The views thus stated, I have entertained many years. After having revolved the subject in my mind for some time, I expressed my views on it in 1840 and 1841.... But since my more direct connection with the youth of the country at large, and having met with numbers of exemplary persons who prefer the Methodist Church to any other, but are excluded from it by the required condition of attending class-meeting, besides thousands of young people of Wesleyan parents and congregations, I have become more deeply than ever impressed with the importance of the question, to which I referred in remarksmade at the last and preceding Conferences. I had intended until within a short time to defer any decision on the step I now take until the next annual Conference, and until after bringing the question in the form of distinct propositions before the Conference; but, after the best consideration in my power, I have thought it advisable to resign my office in the Church at the present time—fearing the revival and results of unpleasantnesses from my bringing the question formally before the Conference, ... and from a deep conviction that I should no longer delay taking the most effectual means in my power to draw the attention of the ministry and members of the Wesleyan Church to this anomaly in her Disciplinary regulations, and secure, if possible, to tens of thousands of persons the rights and privileges of membership in that branch of the Church of Christ which they prefer—rights and privileges to which I am persuaded they are justly entitled upon both Scriptural and Wesleyan grounds.
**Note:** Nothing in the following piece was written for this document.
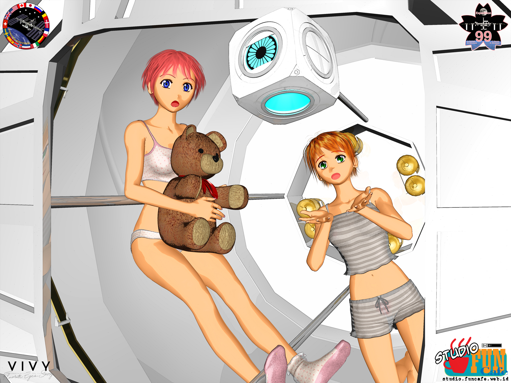 | Title: Close Encounter of The Third Kind with an AI Finished: November 03, 2021 A while ago, Noa has made contact with Matsumoto. Apparently, she hid him in her sleeping quarter. Now he has been found out and the joyful AI is surprising everybody by roaming freely inside the ISS. BTW, Noa's hair has been dyed for yesterday Halloween cosplay. |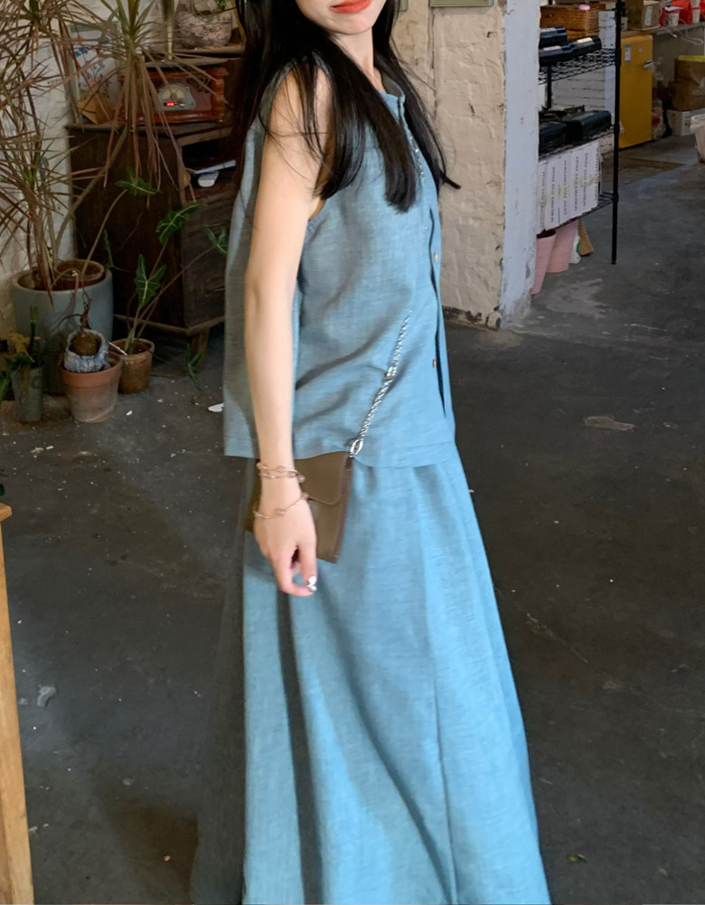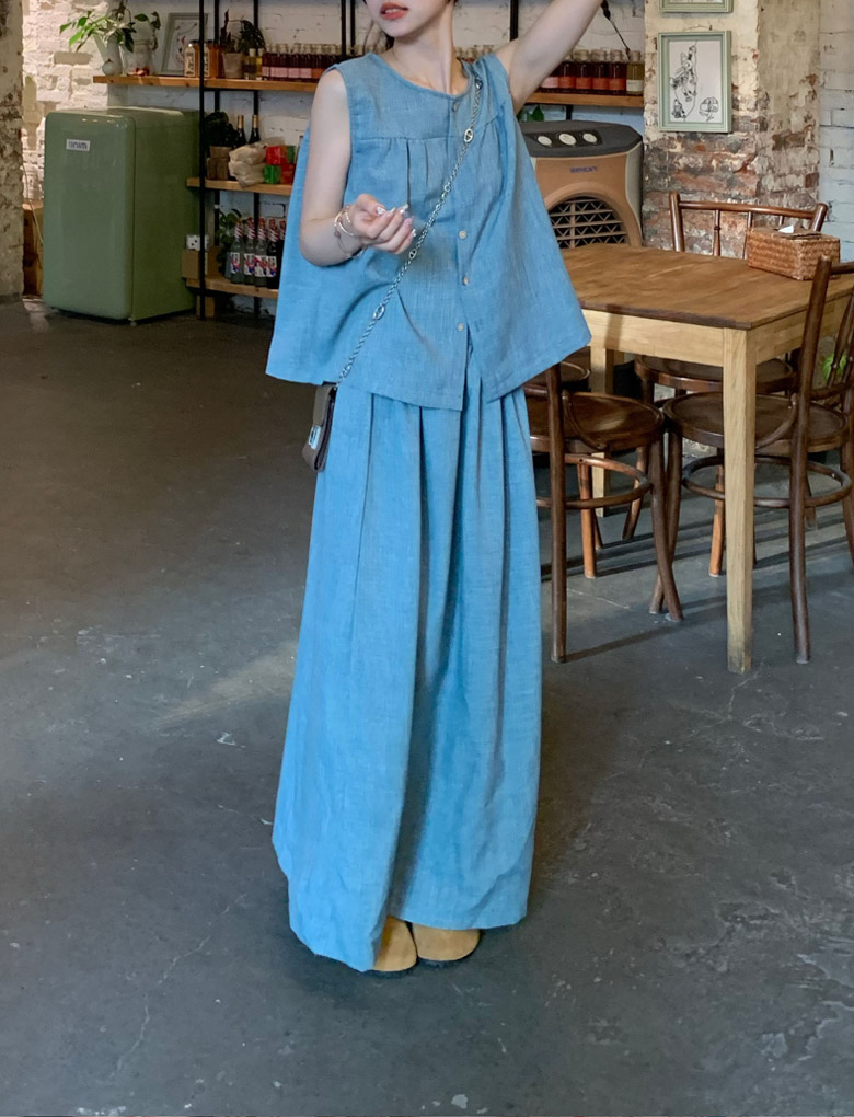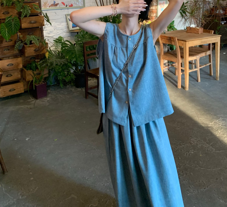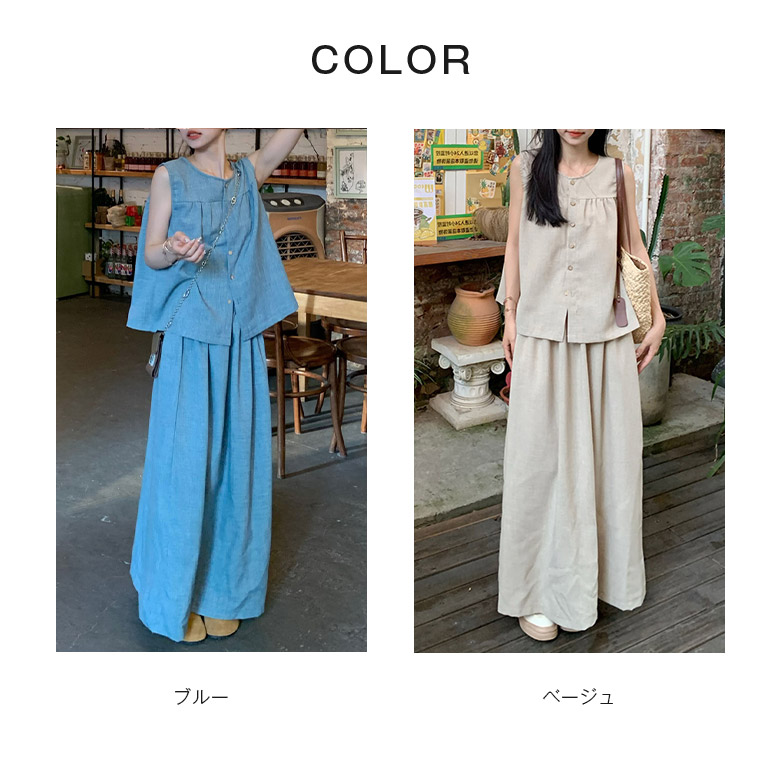 セットアップ レディース ノースリーブ レディースファッション 豊富な品揃え M L ブルー ベージュ

I do not think it is honest or right for a man to hold the office of a minister in a Church, all whose essential regulations, as well as doctrines, he cannot justify and recommend. I say essential regulations; for there may be many regulations and practices in a Church of which a minister may not approve, and the existence of which he may deplore, but which would not prevent him from maintaining, as usual, his relations and course of labour. An enlightened Christian mind can and will, without any compromise of principle, allow a wide latitude in modes of proceeding, and in matters of opinion, taste, and prudence. But a regulation which determines who shall and who shall not be recognized as members of the Church of Christ, involves a vital question, the importance of which cannot be overrated, and which must be determined by Divine Revelation, and not by mere conventional rules.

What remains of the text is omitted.